Equally, you need to be just as cautious about diving in head first. My reason for caution stems from the list of ideas at the top of this letter. Because, although I firmly believe certain equities have presented the best investment opportunity for the last eight months, I’m under no illusion that the economy is in as good a position as it appears.

Because rather than all the problems being left behind, they have actually been pushed ahead of us. It’s just that between now and when the effects will be felt again, we should continue to see a nice little bull run.

And here’s the punchline, you’d be mad not to take advantage of it.

If you’ve been in cash for the last eight months then that’s been a big mistake. Being in cash is not a conservative investment. Being in cash means that you are making a conscious decision to see the value of that investment erode.

It’s the same with bonds.

Those two investments which are touted as being ultra-safe, ultra-conservative, and a ‘flight to safety’ investment. They are also a guaranteed way to see your investment portfolio go backwards as the value is chipped away by inflation.

If you’ve missed out on the rally so far, the key is not to panic. I know from my research for Australian Small Cap Investigator and my new income based newsletter, there is still good value if you’re prepared to look for it.

The mistake many investors make is to jump into the big blue-chip names they are most familiar with.
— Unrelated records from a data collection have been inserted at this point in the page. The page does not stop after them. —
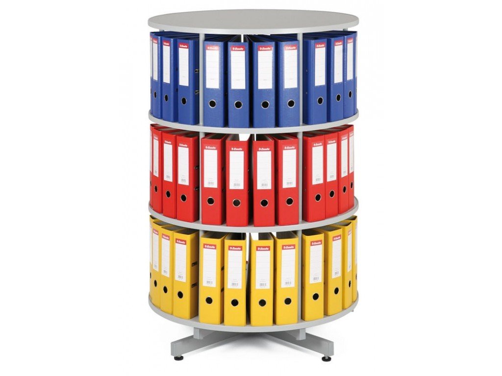 Regál na šanony otočný - 3 police, šedá Biedrax AS4000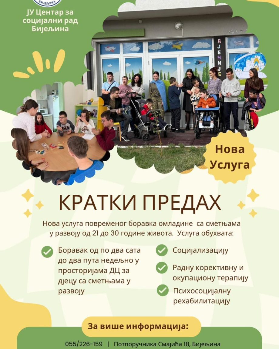 Centar za socijalni rad Bijeljina započeo je sa pružanjem nove usluge “Kratki predah“. Usluga je namijenjena omladini sa smetnjama u razvoju, uzrasta od 21 do 30 godina koja žive u porodici.
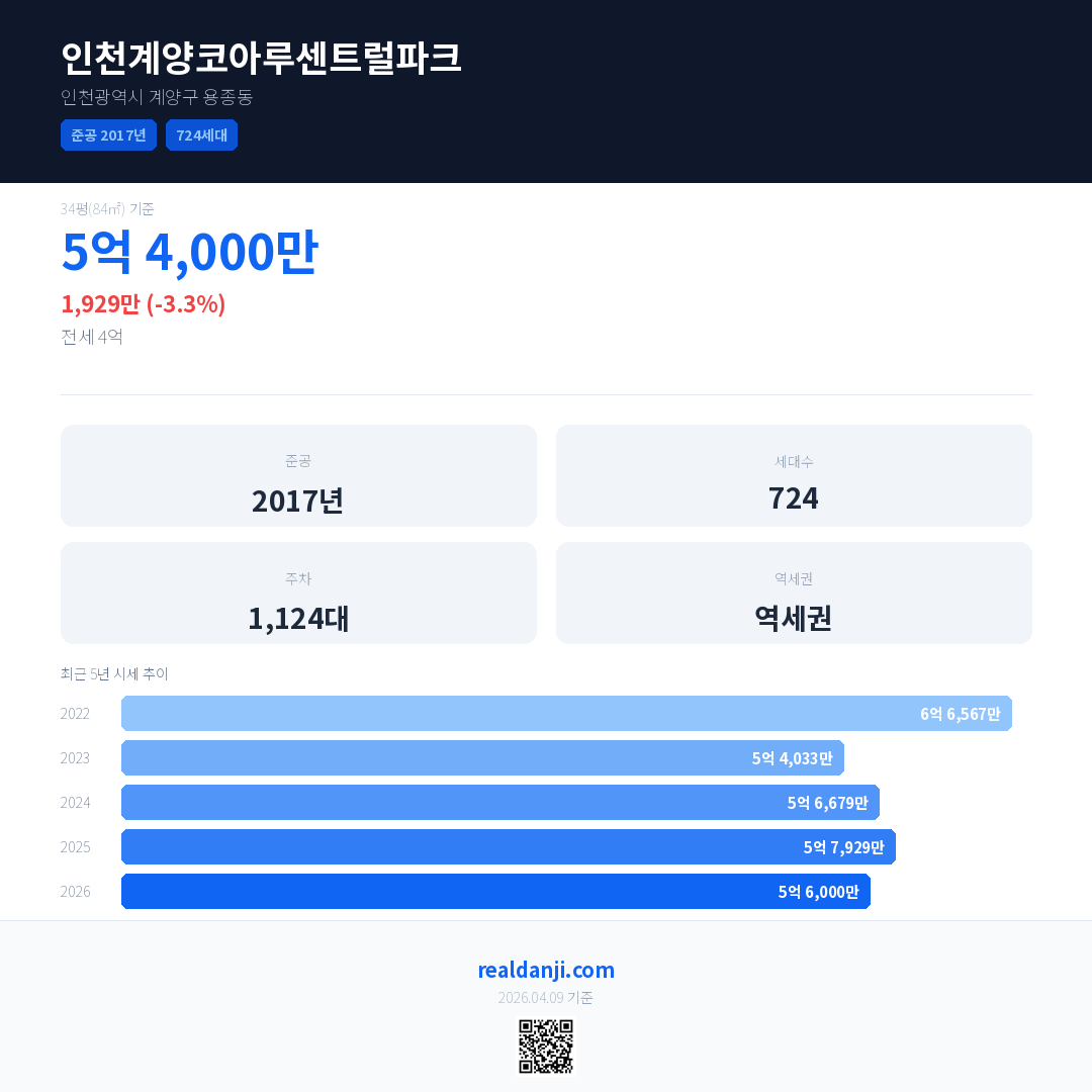 인천계양코아루센트럴파크 국민평형 기준 2026년 평균 거래가는 5억 6,000만으로, 전년 대비 3.3% 하락 했습니다.

Guess what? That’s what many investors have already done. And that’s what the fund managers have already done.

So it’s no surprise that many of those blue-chips have put in a good run already. Now, that’s not to say they don’t have further room for growth, but there’s something you need to consider…

Is it likely that after these blue-chips have already surged by 20-30% that they will have another major surge?

Look, it’s certainly possible. Look at the 2-year chart again. Stocks are still a long way below the record levels of late 2007. But you also need to consider what the probability is of blue chip stocks gaining by 30%, 40% or 50% in year.

That doesn’t normally happen…

But, if they do, then based purely on the dynamics of risk/reward that should indicate small caps – on average – will rise even further.

That’s probably being a bit too simplistic, but based on what I’ve seen of Australian small cap companies, there’s still plenty of value regardless of what the lumbering blue-chips do.

Other Stuff on the Markets

The S&P/ASX200 gained 2% yesterday, while there was even better news overnight on Wall Street with the Dow Jones Industrial Average adding 221 points. And in Europe the FTSE100 picked up 2%.

The price of gold in Australian dollars is trading at $1,204.38, while in US Dollars it trading at $974.83.

The Aussie dollar strengthened again versus the US dollar and Japanese Yen, trading at USD$0.8048, and JPY76.68.

Further strength for Crude oil overnight, closing at USD$67.94.

For the biggest movers on the market yesterday click here…

And today on the economic calendar we have the RBA Interest Rate indecision at 2.30pm.